Anticipating demographic transition in Europe
A guidebook to support the creation of innovative elderly care cooperatives

Why cooperating?

Comparing business models
Elderly care and cooperatives

6 steps for setting up an elderly care cooperative

1.Identifying needs
2.Getting your cooperative together
3.Planning the business
4.Mobilising partners
5.Setting up the structure
6. Launching the business

Bibliography

1.Identifying needs

  • # What does your social environment need?
  • # What kind of cooperative suits you?
  • # Membership
  • # Economic sector

What does your social environment need?

Cooperatives are embedded in their social and economic environment: their creation often stems out from a need or an opportunity. The first step is to determine if the service that will be provided by your cooperative will meet people’s needs and if they will use it. Before starting a business and whatever size or type of cooperative you are planning, doing some sort of research is highly recommended. Several approaches and tools exist to carry out a needs assessment research: some may be comprehensive but also time-consuming, e.g. conducting a large-scale survey of potential users; others may allow to quickly gather information – e.g. interviewing a few partners, conducting secondary research – but without guaranteeing a perfect relevance or reliability. A careful balance between your aims, available funding and resources, may help you choosing the most relevant method. The “Territorial needs assessment guideline” offers some recommendations to help you in this process.

A need? The community (elderly people, their relatives or elderly care providers) lack certain services.
An opportunity?
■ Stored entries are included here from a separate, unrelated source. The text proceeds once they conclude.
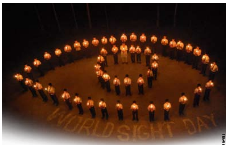
Children in India holding a candle rally on the eve of World Sight Day
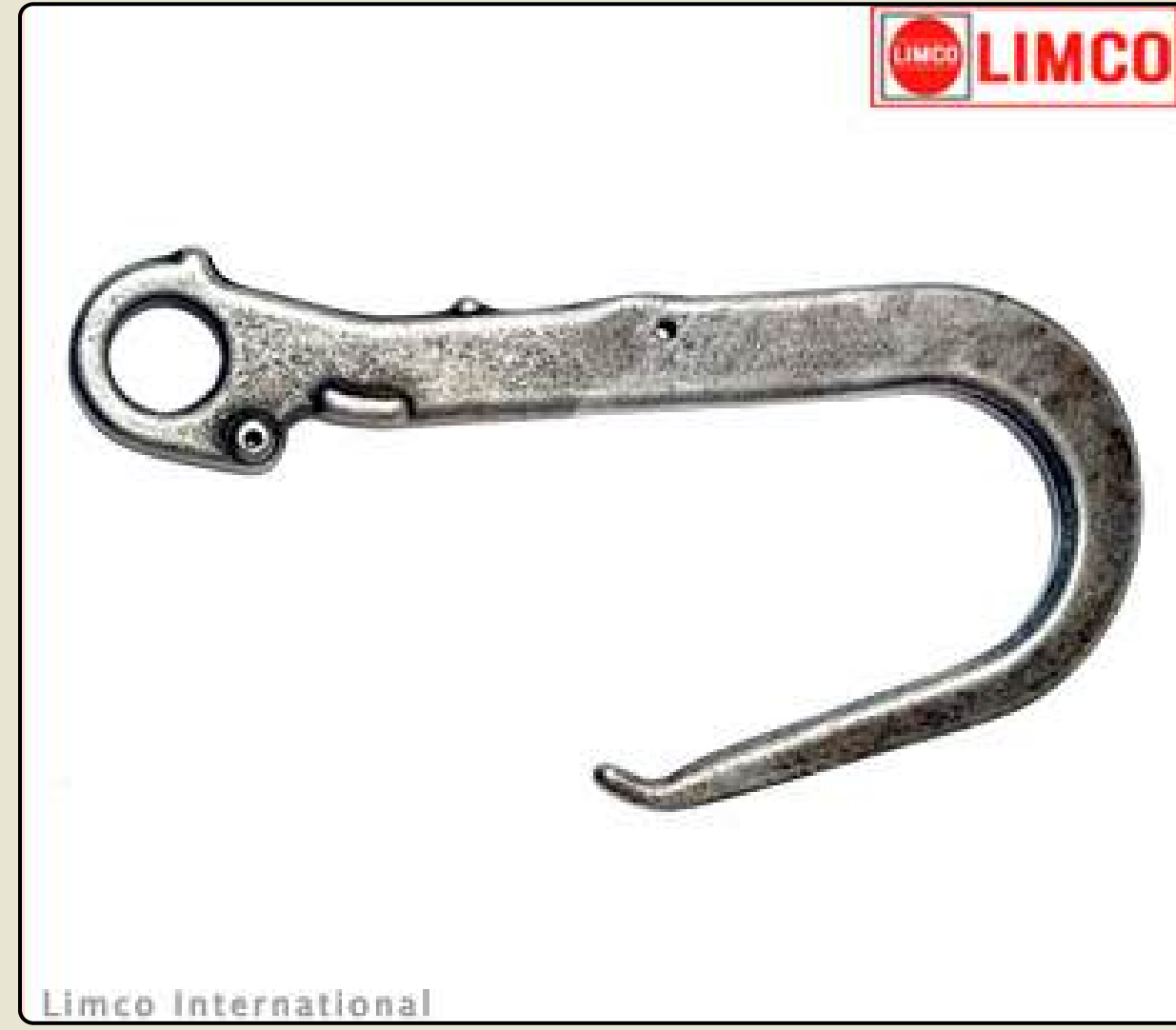
SCAFFOLDING HOOK FORGED
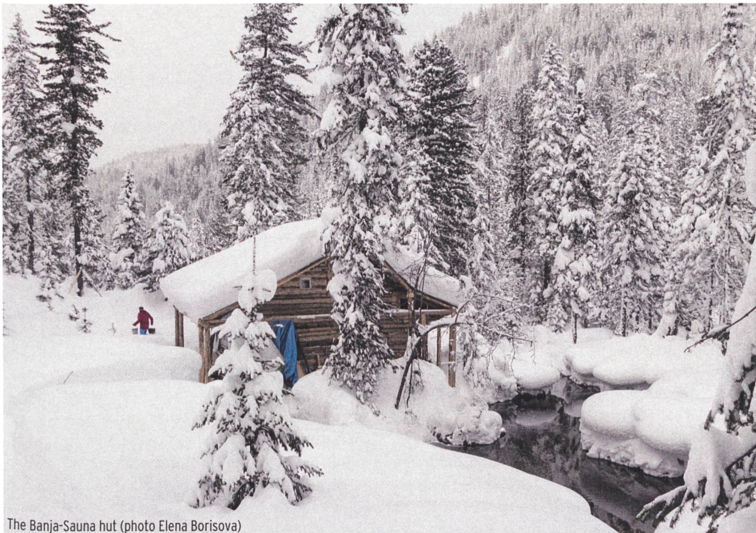
The Banja-Sauna hut
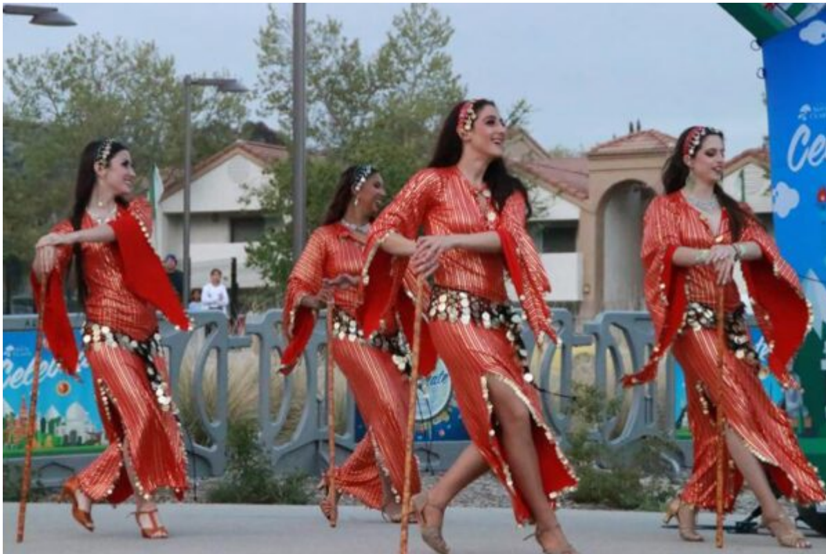
San Pedro ? Festival of the Arts.
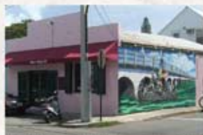
Bobby's- 900 Simonton St.
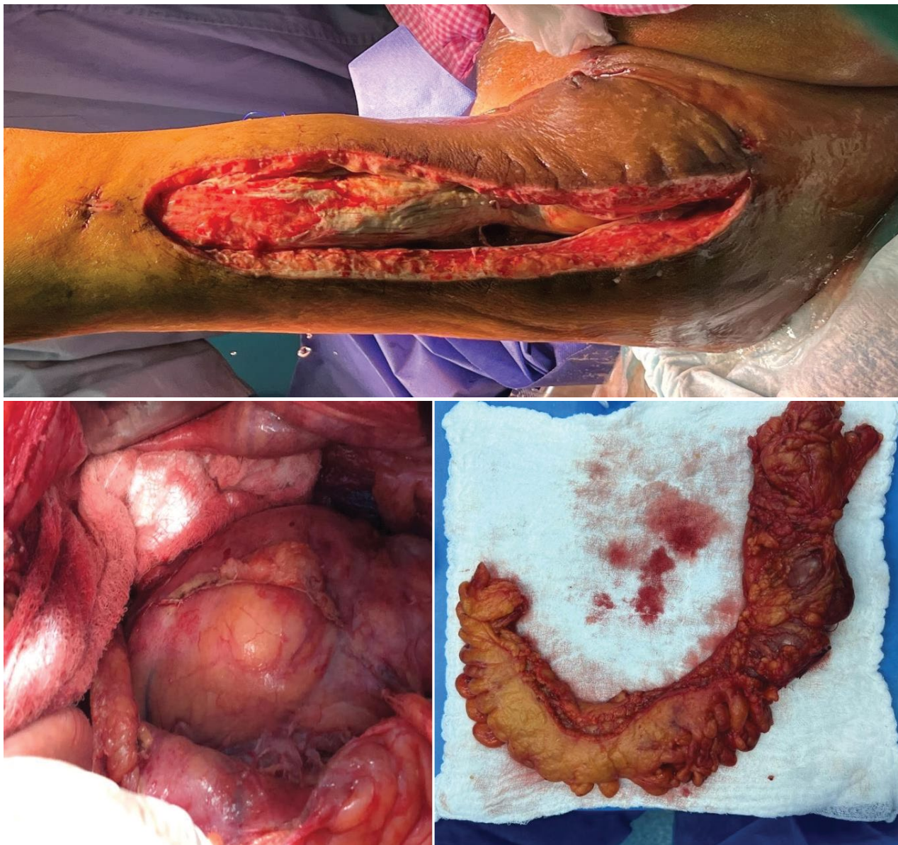
Figure 2: (A) Additional extensive open wound for drainage from the initial drainage site of the left thigh; (B) Intraabdominal image demonstrating the left colon; (C) Surgical specimen of the left hemicolectomy.

postoperative course requiring multiple subsequent debridements of her left thigh wound, finally a left lower limb disarticulation from hip joint and closure done via posterior flap was made. Her respiratory status declined briefly requiring intubation but ultimately improved. Her renal function recovered with supportive care. Oncological evaluation found stage III colorectal adenocarcinoma. After decannulation and gradual improvement, she was deemed stable for transfer to a higher center for adjuvant management.
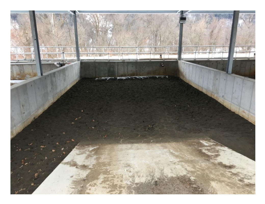
Figure 6: Close-up of individual sludge drying bed (containing phosphorus-bearing chemical sludge).
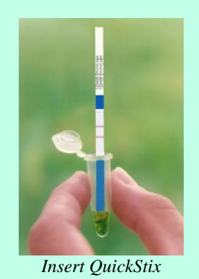
Any pink Test Line is considered positive

Alternatively, remove the dropper tip from the bottle and dispense 1.0 mL (1000 microliters) into each tube using a pipette.
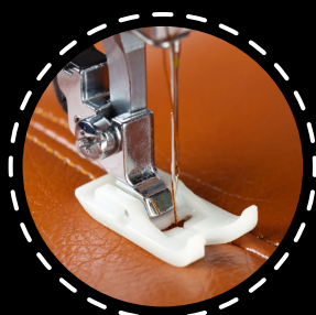
5 mm LEATHER
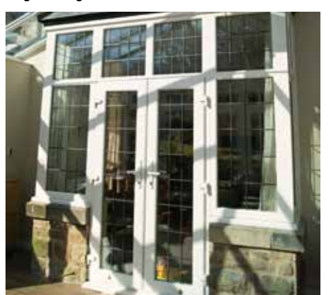
White French doors with white handles, sidelights, toplights and square lead
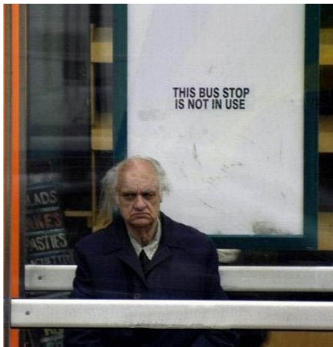
I don't care what it says, I'm NOT leaving until I catch my bus!

"I get in that pen with a good book, a chocolate bar, and the kids don't bother me for hours!"
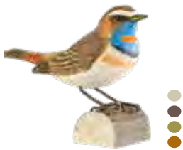
BLUETHROAT Luscinia svecica WG433
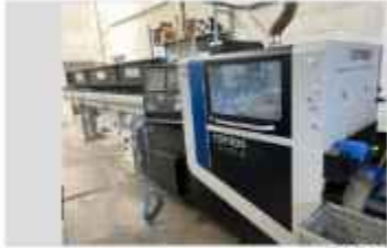
TORNOS DT 26
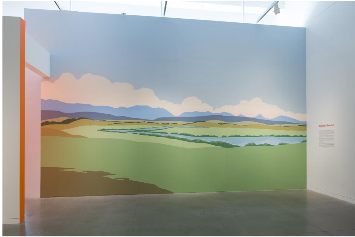
Elshava Barroff Landscape with River and Mountains

A change in the community creates new cooperative possibilities (a group of people is getting organised around a claim, a company goes bankrupt…).
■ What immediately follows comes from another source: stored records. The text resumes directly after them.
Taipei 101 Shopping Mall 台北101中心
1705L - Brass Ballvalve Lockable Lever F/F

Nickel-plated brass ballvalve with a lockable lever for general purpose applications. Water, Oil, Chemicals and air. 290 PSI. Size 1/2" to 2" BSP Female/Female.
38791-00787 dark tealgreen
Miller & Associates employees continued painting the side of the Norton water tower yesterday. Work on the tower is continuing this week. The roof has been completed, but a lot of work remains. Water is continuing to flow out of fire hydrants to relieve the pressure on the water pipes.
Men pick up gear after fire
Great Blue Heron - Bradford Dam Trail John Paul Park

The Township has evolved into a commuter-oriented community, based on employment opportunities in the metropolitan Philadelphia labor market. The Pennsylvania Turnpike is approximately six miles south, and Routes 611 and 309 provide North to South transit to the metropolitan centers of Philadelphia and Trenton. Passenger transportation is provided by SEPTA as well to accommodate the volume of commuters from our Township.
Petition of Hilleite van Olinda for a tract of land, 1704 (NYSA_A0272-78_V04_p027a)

Author (The Ontario Co-operative Association, 2015)

Keep in mind that many elderly care services are most likely already provided by the community: they can be formally or informally organised, supported by public services or self-organised, undertaken by health professional or volunteer care providers, etc. Mapping elderly care services requires you to undertake a review of the stakeholders who are already operating on the territory: meeting them and presenting your idea will allow you to test the relevance of your project, benefit from external knowledge and experience, and will give you the possibility to adapt your idea accordingly. This step is also an opportunity to identify potential future partners of your cooperative.

Key things to think about

"Before carrying out a needs assessment you must consider various questions.
  • What do you want to find out?
  • Who is the information for? Just for your own planning, or will it also be used for a funding application? If so, then will the needs assessment answer the types of questions your funder might ask?
  • How can you express your questions in plain language that people will understand and respond to?
  • What specific questions will you ask, and will the answers really tell you what you want to know?
  • How will you gather the information?
  • Who is going to do the research?
  • How much can you do yourselves and with which parts do you need help?
  • Where are you going to do the survey, or find information?
  • How much is it all going to cost? Draw up a budget.
  • How much time have you got and when does it need to done by? Draw up a timetable."
-- Author (Sustain, 2015)

What kind of cooperative suits you?

Once you have identified the needs and you have made sure that your project will help meeting them, the following question arises: is the cooperative model relevant? What kind of organisation are you aiming to create?

Key Questions

“Before deciding whether or not a cooperative is right for your business, you will need to consider your answers to two simple but important questions.
Do you want members to own and control the business?
A cooperative is a member-owned business. The members may be employees, customers, suppliers or local residents, but this shared ownership is central to a cooperative’s existence. If you want to limit ownership to just a few people, even as the cooperative grows, then a cooperative may not be for you.
Have you got a viable business idea?
A cooperative must be a viable business. As for any business, most cooperatives will aim to bring in enough income not just to cover costs but to make a profit, with members deciding on whether that surplus is reinvested in the business, distributed among members or given to the community. You need to be sure that your cooperative will generate an income from the goods or services provided.”
-- Author (Co-operatives UK, 2015)

There is no one-size-fits-all cooperative model, even in the elderly care sector. The relevant cooperative model depends on the local context, the services provided, available initial resources and final aim of the project. This flexibility is one major asset: cooperatives are open to innovation!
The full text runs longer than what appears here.